O Sr. António não foi só um cliente a quem vendi o meu serviço, dizia obrigado, e pronto.Não. O Sr.António foi mais do que isso, foi um cliente, é certo, mas foi uma pessoa que me deixou uma forte lição no gosto de viver e um exemplo para quem como eu, tem outras ideias sobre a existência. Arrastando o membro inferior esquerdo, com o braço e a mão, também com profundas dificuldades em movimentar-se, servia-se de uma bengala que apoiava com firmeza na mão direita, rejeitando ajudas e boleias, pois dizia -me que tinha que vencer a malvada da doença. Caminhava imenso pelas ruas da Cova Gala. Era ver o Sr. António, no Parque das Merendas e no largo, olhando o mar, porque andar vencia a malvada da doença, porque gostava muito de viver,dizia-me e contente por o afirmar.Quantas vezes chegou ao meu salão, com a camisa encharcada de suor, especialmente no verão, e eu propunha dar-lhe boleia até lá baixo á Cova Gala.

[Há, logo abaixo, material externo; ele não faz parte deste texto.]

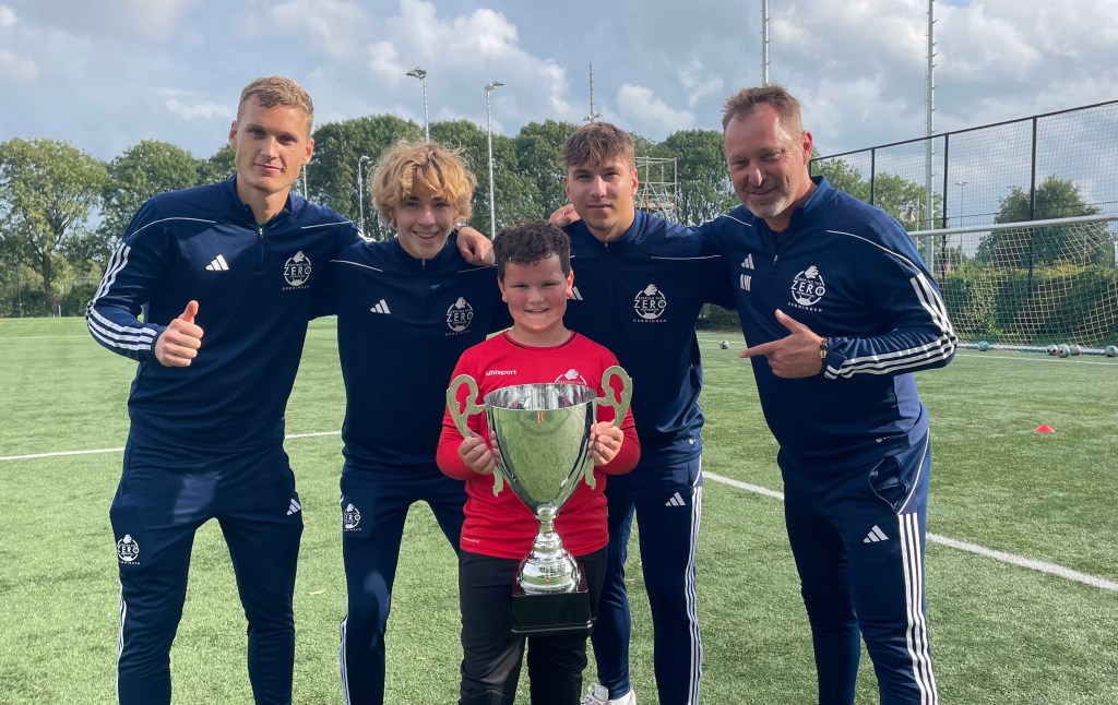 Tijdens de trainingen van vrijdag 21 juli waren er nog twee bekers te verdienen. De eerste beker was voor de bij Kloosterburen keepende Dex Vink (2013) die de beker mee de auto in kon nemen. We zien hem pas sinds 1 februari iedere week op het veld. De ontwikkeling die we hebben waargenomen is echt een applaus waard. Dex kan trots op zichzelf zijn. Nog wat rustig in het begin zien we nu een keeper in het veld staan die graag leert en beter en beter wordt.

Não, não, respondia-me; gosto de andar para vencer esta malvada paralisação na minha perna e no meu braço.
O Sr.António foi um valente homem do mar. Contava coisas do diabo, também Sportinguista ferrenho, sabia tudo sobre futebol, inclusive, tinha uma opinião crítica e velada sobre Pinto da Costa.
Em casa e em família falava da sua força e gosto pela vida porque o admirava assim arrastando-se num corpo pesado , obrigando-o com o caminhar, que tivesse melhor movimento. Um dia pedi á minha mulher que comprasse uma prenda com o emblema do Sporting, e fui visitá-lo a Lavos, onde fui muito bem tratado pela família, mas o Sr.António, já não falava , mas sorriu e as lágrimas surgiram, elevando a mão direita, sobre a boca, como que a enviar-me um beijo, num momento de intensa fraternidade.
O Sr. António Pereira Abade , teve um longo e doloroso sofrimento e esta semana fui despedir-me dele à Igreja de S.Pedro, rezando com os presentes para que tenha paz.